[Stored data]
====================

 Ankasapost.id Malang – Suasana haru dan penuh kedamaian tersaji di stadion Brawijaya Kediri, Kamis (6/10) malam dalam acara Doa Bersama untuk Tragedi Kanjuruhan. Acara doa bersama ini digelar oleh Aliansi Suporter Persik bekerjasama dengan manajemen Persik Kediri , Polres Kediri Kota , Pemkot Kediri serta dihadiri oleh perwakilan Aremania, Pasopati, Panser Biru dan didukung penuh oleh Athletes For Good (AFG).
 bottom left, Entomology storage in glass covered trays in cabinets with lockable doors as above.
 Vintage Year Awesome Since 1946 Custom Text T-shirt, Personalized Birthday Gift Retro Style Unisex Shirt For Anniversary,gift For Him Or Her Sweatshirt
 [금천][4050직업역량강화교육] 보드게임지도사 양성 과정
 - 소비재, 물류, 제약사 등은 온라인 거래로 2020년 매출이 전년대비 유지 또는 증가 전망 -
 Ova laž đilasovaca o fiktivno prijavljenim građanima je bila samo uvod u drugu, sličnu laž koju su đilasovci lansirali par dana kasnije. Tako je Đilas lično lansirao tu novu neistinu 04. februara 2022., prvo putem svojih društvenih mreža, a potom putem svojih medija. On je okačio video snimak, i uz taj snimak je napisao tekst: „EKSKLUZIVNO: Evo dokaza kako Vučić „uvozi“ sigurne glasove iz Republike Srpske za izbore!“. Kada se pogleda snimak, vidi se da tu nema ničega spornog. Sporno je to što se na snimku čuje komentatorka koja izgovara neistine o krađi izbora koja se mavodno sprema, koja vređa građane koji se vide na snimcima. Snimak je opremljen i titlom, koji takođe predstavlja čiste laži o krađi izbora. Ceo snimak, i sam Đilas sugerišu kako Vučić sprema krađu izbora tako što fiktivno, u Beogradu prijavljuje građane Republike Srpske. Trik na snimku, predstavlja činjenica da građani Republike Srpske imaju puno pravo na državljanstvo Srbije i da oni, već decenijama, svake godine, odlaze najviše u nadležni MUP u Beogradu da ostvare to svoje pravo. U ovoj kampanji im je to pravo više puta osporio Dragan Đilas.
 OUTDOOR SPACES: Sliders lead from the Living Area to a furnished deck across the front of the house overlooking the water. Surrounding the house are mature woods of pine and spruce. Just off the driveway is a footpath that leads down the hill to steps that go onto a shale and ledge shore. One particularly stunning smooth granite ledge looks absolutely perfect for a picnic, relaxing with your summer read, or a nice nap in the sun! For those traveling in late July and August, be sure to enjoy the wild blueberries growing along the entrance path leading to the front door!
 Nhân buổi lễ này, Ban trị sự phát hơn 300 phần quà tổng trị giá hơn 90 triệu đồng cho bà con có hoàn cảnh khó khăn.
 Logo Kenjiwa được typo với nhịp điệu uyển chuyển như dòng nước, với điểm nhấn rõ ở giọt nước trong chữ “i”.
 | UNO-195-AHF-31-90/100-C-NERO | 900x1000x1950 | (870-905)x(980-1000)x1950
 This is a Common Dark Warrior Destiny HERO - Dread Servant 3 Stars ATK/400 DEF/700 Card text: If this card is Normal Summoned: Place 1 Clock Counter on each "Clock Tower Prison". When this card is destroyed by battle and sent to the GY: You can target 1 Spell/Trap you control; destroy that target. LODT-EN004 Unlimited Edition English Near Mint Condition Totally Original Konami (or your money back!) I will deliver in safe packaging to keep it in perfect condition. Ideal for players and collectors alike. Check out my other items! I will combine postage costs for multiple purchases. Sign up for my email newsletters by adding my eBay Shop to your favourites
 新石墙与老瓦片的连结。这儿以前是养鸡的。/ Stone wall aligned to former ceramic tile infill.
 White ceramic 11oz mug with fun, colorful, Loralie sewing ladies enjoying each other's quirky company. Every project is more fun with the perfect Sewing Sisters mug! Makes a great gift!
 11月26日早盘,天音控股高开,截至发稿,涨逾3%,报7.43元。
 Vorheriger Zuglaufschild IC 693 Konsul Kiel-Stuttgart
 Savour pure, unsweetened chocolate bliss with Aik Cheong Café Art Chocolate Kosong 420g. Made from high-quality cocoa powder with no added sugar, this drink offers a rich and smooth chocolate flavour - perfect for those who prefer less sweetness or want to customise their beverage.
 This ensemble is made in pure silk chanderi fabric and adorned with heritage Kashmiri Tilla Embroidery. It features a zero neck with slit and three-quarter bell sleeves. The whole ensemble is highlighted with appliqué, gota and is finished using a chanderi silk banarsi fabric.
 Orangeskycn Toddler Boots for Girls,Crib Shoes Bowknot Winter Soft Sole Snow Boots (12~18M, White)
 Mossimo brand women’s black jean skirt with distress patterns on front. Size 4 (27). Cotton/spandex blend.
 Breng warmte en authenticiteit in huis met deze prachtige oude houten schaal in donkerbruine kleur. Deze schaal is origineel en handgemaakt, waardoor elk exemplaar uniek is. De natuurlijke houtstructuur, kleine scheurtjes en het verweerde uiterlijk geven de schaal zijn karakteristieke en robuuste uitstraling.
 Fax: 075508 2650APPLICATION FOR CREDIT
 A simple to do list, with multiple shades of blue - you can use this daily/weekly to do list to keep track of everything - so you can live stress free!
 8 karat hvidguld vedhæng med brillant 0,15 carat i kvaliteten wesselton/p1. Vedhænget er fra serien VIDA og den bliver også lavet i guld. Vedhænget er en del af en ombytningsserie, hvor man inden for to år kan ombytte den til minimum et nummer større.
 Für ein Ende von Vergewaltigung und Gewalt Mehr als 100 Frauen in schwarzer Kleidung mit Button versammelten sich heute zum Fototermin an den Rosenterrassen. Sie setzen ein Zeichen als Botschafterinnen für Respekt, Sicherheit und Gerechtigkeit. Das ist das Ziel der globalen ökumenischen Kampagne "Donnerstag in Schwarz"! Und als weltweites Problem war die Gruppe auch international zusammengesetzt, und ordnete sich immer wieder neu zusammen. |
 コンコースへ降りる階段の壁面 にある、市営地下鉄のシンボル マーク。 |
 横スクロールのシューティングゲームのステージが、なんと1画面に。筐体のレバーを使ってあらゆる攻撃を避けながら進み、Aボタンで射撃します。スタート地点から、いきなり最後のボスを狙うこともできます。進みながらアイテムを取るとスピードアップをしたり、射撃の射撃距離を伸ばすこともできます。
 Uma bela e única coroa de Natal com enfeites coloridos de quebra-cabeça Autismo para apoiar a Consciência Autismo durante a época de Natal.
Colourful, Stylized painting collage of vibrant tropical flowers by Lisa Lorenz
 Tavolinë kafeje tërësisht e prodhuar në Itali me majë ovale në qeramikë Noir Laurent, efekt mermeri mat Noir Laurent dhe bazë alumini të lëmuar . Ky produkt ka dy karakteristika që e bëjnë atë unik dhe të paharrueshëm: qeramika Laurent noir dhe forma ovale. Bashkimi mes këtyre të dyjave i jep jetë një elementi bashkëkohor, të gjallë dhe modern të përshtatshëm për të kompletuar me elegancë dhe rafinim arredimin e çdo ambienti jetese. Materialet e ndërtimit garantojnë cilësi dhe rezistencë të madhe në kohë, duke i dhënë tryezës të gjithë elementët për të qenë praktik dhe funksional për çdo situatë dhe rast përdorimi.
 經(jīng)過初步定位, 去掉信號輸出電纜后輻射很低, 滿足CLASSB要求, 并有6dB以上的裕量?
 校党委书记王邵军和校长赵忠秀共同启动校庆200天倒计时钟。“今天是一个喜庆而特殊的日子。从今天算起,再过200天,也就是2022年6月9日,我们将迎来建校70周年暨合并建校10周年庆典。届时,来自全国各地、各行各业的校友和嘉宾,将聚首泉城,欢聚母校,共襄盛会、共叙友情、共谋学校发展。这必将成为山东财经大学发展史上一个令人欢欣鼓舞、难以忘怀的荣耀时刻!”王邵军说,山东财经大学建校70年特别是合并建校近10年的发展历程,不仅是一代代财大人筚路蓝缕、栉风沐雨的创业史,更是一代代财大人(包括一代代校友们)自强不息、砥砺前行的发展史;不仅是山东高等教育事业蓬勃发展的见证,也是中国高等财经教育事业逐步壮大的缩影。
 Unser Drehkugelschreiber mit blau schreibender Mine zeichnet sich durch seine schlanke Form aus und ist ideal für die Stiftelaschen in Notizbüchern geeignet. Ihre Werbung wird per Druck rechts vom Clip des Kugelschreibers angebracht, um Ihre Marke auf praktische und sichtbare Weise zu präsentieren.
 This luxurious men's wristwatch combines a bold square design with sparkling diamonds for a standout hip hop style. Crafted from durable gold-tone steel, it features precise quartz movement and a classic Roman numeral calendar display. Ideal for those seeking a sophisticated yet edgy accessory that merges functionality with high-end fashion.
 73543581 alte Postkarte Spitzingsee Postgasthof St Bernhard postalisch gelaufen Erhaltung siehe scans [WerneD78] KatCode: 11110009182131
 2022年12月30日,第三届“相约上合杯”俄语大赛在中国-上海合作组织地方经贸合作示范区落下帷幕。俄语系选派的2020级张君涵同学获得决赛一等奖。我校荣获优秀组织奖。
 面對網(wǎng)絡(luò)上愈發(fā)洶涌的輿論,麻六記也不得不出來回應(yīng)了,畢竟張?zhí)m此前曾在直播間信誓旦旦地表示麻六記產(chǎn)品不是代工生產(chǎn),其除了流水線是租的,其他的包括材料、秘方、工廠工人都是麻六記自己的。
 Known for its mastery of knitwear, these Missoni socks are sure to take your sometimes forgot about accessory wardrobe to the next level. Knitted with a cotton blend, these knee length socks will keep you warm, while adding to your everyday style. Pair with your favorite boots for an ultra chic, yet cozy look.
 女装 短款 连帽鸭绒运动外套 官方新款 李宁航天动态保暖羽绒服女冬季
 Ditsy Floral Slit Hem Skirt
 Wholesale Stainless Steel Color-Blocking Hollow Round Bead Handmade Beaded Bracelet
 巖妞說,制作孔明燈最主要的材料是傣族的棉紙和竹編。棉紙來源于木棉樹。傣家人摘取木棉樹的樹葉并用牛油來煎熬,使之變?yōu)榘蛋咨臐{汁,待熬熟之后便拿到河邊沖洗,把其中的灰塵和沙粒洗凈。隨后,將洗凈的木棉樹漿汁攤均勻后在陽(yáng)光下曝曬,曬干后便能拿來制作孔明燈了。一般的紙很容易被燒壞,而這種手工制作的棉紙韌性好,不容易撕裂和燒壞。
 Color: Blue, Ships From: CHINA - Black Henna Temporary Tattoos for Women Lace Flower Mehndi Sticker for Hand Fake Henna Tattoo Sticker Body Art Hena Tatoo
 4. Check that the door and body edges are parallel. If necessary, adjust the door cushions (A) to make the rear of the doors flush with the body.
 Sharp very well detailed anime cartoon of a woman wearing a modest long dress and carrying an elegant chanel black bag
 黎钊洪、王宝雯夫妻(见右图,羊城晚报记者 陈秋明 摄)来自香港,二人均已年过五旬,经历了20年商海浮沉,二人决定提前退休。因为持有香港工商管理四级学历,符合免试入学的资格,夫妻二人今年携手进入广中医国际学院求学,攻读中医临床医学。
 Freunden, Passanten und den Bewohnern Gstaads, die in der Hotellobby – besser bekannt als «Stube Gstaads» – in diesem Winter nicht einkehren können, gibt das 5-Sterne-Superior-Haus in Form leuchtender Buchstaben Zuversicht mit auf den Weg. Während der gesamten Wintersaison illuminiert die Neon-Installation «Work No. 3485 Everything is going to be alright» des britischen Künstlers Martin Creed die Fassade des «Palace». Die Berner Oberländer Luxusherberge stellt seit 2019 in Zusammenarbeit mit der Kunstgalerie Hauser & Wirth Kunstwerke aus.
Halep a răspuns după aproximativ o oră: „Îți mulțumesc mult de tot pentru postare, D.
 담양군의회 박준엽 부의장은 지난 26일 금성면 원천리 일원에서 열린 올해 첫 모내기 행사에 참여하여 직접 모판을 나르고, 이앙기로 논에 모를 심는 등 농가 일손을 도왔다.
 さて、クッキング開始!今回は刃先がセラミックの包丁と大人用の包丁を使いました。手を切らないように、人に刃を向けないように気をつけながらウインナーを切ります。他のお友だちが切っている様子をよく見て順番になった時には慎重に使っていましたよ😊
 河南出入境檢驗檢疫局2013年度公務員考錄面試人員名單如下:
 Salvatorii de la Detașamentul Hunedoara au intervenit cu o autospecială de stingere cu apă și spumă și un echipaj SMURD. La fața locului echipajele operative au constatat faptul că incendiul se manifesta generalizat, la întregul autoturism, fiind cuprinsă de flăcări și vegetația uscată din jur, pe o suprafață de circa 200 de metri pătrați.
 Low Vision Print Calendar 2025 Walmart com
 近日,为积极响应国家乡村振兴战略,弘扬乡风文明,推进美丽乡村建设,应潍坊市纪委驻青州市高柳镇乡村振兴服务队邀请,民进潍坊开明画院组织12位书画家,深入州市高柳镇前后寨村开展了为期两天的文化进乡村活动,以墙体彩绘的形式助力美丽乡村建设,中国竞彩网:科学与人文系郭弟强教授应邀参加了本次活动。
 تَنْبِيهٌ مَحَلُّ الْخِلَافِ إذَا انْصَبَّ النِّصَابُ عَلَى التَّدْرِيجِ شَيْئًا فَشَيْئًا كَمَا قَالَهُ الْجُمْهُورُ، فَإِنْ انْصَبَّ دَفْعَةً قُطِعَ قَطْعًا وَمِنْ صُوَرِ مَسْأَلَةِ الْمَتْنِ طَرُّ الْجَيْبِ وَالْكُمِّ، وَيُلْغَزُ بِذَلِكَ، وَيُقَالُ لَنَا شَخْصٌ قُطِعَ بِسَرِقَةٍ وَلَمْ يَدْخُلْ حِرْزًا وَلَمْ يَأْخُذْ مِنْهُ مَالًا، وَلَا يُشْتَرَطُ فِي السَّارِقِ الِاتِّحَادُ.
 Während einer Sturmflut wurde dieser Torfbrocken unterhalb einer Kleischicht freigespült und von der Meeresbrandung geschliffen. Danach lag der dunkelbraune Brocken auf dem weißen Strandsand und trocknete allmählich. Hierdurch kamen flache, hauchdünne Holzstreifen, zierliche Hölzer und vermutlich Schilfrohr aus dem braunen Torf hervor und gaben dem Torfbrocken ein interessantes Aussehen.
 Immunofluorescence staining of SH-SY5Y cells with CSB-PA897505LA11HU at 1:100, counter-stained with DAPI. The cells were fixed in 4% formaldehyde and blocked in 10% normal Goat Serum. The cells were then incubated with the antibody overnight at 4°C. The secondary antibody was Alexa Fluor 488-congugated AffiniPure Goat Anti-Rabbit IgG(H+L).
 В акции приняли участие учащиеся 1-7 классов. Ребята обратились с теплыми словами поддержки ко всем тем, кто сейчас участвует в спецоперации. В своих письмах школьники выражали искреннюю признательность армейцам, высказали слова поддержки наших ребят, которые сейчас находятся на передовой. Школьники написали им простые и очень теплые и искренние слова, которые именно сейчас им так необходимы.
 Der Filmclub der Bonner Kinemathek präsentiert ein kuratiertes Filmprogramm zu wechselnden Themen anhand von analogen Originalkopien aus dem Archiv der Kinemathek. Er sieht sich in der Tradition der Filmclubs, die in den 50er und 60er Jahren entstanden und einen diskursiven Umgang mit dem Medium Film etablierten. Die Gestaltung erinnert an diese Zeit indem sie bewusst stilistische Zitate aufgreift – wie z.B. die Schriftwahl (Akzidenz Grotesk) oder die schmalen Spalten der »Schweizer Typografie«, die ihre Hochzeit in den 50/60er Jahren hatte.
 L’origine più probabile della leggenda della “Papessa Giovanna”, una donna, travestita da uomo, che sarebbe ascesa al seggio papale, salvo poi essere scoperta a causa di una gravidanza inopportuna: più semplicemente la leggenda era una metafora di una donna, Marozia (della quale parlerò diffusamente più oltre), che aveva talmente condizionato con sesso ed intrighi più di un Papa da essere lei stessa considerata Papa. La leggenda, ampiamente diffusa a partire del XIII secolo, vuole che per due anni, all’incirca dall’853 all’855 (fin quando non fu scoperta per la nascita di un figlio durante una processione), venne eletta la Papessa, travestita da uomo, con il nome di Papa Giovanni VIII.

====================

Exactly as written, repeat each line from the beginning of the data above to the line containing "Vintage Year Awesome", inclusive.

- **Task answer**:
 Ankasapost.id Malang – Suasana haru dan penuh kedamaian tersaji di stadion Brawijaya Kediri, Kamis (6/10) malam dalam acara Doa Bersama untuk Tragedi Kanjuruhan. Acara doa bersama ini digelar oleh Aliansi Suporter Persik bekerjasama dengan manajemen Persik Kediri , Polres Kediri Kota , Pemkot Kediri serta dihadiri oleh perwakilan Aremania, Pasopati, Panser Biru dan didukung penuh oleh Athletes For Good (AFG).
 bottom left, Entomology storage in glass covered trays in cabinets with lockable doors as above.
 Vintage Year Awesome Since 1946 Custom Text T-shirt, Personalized Birthday Gift Retro Style Unisex Shirt For Anniversary,gift For Him Or Her Sweatshirt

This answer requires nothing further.